On Tue, Oct 21, 2008 at 01​:51​:09PM +0100, Nicholas Clark wrote​:

Andreas, would you be able to work out which change in 5.8.x caused this?

Don't worry. Vincent said on IRC that it would probably be change 29916 and
he was right.

So, next question. What's the fix? It doesn't quite revert cleanly.
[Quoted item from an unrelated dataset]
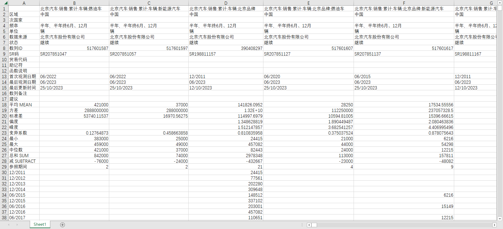 北京汽车:销售:累计:车辆:燃油车 北京汽车:销售:累计:车辆:新能源汽车 北京汽车:销售:累计:车辆:北京品牌 北京汽车:销售:累计:车辆:北京品牌:燃油车 北京汽车:销售:累计:车辆:北京品牌:新能源汽车 北京汽车:销售:累计:车辆:北京奔驰 北京汽车:销售:累计:车辆:北京现代 北京汽车:销售:累计:车辆:福建奔驰
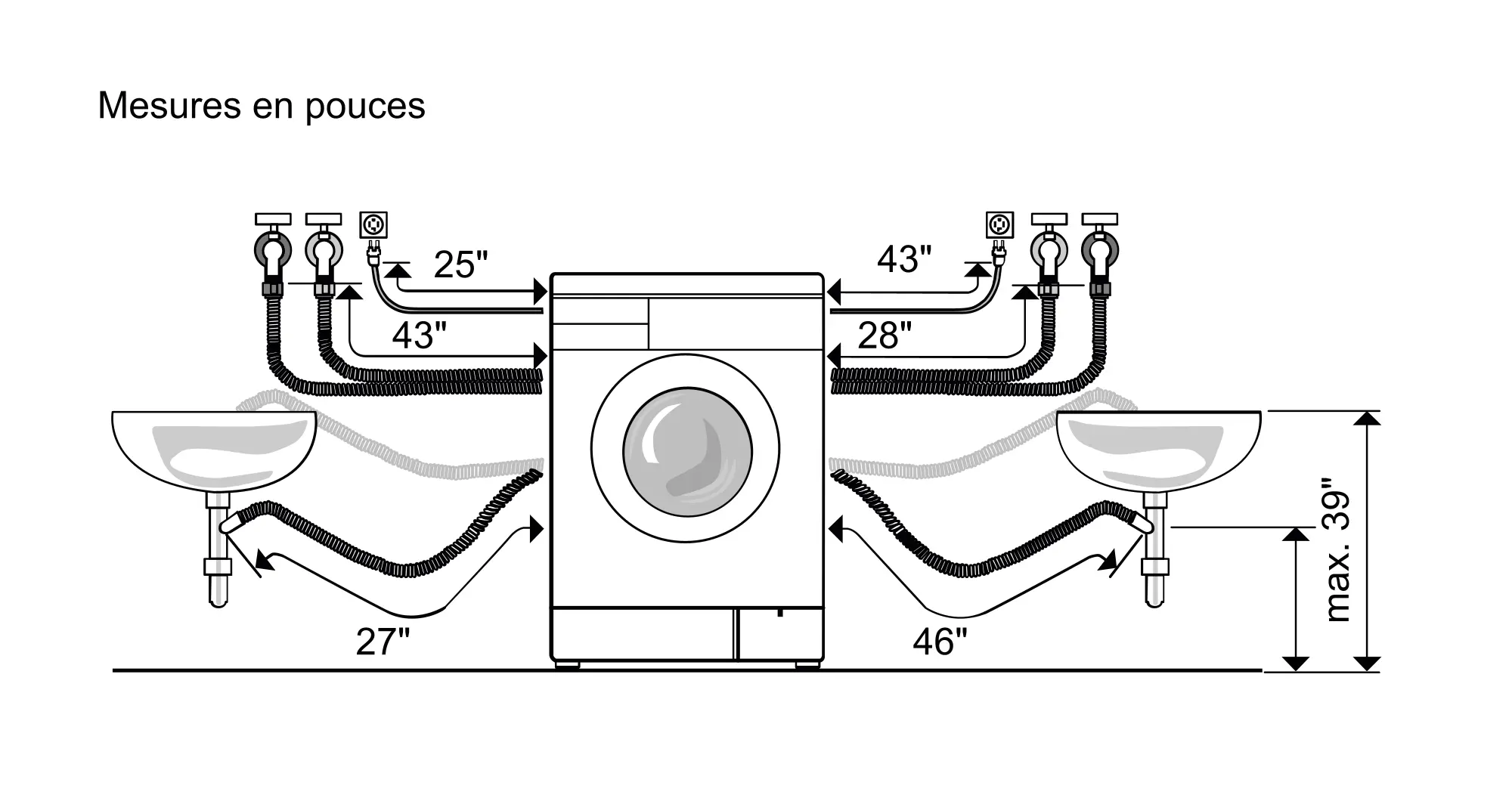 Dimensions globales de l'appareil (H x L x P) (po)

Plus I
rather liked the elegance of it, and it should work, dammit, so what did I
(or Dave) miss?

Nicholas Clark

Change 29916 by nicholas@​nicholas-saigo on 2007/01/22 16​:26​:58

  Integrate​:
  [ 27526]
  reduce S_regrepeat_hard() callers from 3 to 1
 
  [ 27534]
  inline, then delete, S_regrepeat_hard()
 
  [ 27535]
  Restore a bit of change 27533 that change 27534 inadvertently unwound.
 
  [ 27569]
  remove idential code branch from regmatch()

Affected files ...

... //depot/maint-5.8/perl/embed.fnc#176 integrate
... //depot/maint-5.8/perl/embed.h#131 integrate
... //depot/maint-5.8/perl/proto.h#165 integrate
... //depot/maint-5.8/perl/regexec.c#68 integrate

Differences ...

==== //depot/maint-5.8/perl/embed.fnc#176 (text) ====

@​@​ -1261,7 +1261,6 @​@​
#if defined(PERL_IN_REGEXEC_C) || defined(PERL_DECL_PROT)
ERs |I32 |regmatch |NN regnode *prog
ERs |I32 |regrepeat |NN const regnode *p|I32 max
-ERs |I32 |regrepeat_hard |NN regnode *p|I32 max|NN I32 *lp
ERs |I32 |regtry |NN regexp *prog|NN char *startpos
ERs |bool |reginclass |NN const regnode *n|NN const U8 *p|NULLOK STRLEN *lenp\
  |bool do_utf8sv_is_utf8

==== //depot/maint-5.8/perl/embed.h#131 (text+w) ====

@​@​ -1291,7 +1291,6 @​@​
#if defined(PERL_CORE) || defined(PERL_EXT)
#define regmatch S_regmatch
#define regrepeat S_regrepeat
-#define regrepeat_hard S_regrepeat_hard
#define regtry S_regtry
#define reginclass S_reginclass
#define regcppush S_regcppush
@​@​ -3366,7 +3365,6 @​@​
#if defined(PERL_CORE) || defined(PERL_EXT)
#define regmatch(a) S_regmatch(aTHX_ a)
#define regrepeat(a,b) S_regrepeat(aTHX_ a,b)
-#define regrepeat_hard(a,b,c) S_regrepeat_hard(aTHX_ a,b,c)
#define regtry(a,b) S_regtry(aTHX_ a,b)
#define reginclass(a,b,c,d) S_reginclass(aTHX_ a,b,c,d)
#define regcppush(a) S_regcppush(aTHX_ a)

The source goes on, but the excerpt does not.